Marine Deployment Training Impresses Chairman

By Fred W. Baker III
American Forces Press Service

TWENTYNINE PALMS, Calif., June 18, 2008 – The searing triple-digit heat makes you think you are in Iraq.

It’s the kind of heat where you can close your eyes and still feel the sun burning your eyeballs through your eyelids.

It’s dusty and sparse, and everything’s brown, save for occasional scraggly, olive-drab bushes strung along the rocky hills.

But it’s not Iraq. It’s Twentynine Palms, Calif., home of the Marine Corps Air Ground Combat Center. Navy Adm. Mike Mullen, chairman of the Joint Chiefs of Staff, came here yesterday to talk with Marines and sailors going through the latest in pre-deployment combat training.

The heat isn’t the only thing that resembles Iraq on this desert landscape. Settled into a dusty valley just below a jagged mountain ridgeline is a mock Iraq village of more than 500 buildings with more than 400 occupants. The complex serves as the training foundation of Mojave Viper, a 30-day exercise that all Marine infantrymen attend before deploying to combat.
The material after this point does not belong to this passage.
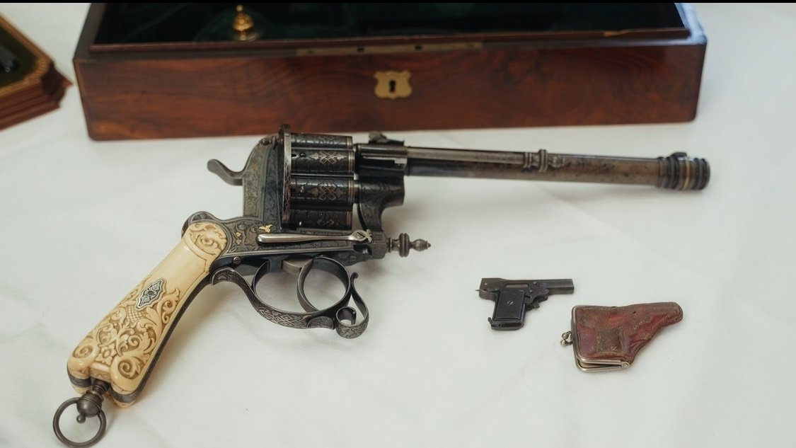 Zwei Waffen, wie sie unterschiedlicher kaum sein könnten – eine winzige Taschenpistole und ein eindrucksvolles Jubiläumsmodell.

Marines train on full-spectrum operations -- combat and security operations, developing security forces, and conducting humanitarian missions. The goal is to train each Marine to respond appropriately based on varying situations, and to learn to increase or decrease force from one situation to the next, officials said. Marine infantry and combat logistics battalions attend the training, along with some sailors attached to the units, for a total of 26 battalions and nearly 25,000 Marines and sailors annually.

As a battalion, but broken down to various levels, the Marines work their way through kinetic, or traditional military, and nonkinetic, or civil-military, operations, facing scenarios that make them choose the appropriate level of force.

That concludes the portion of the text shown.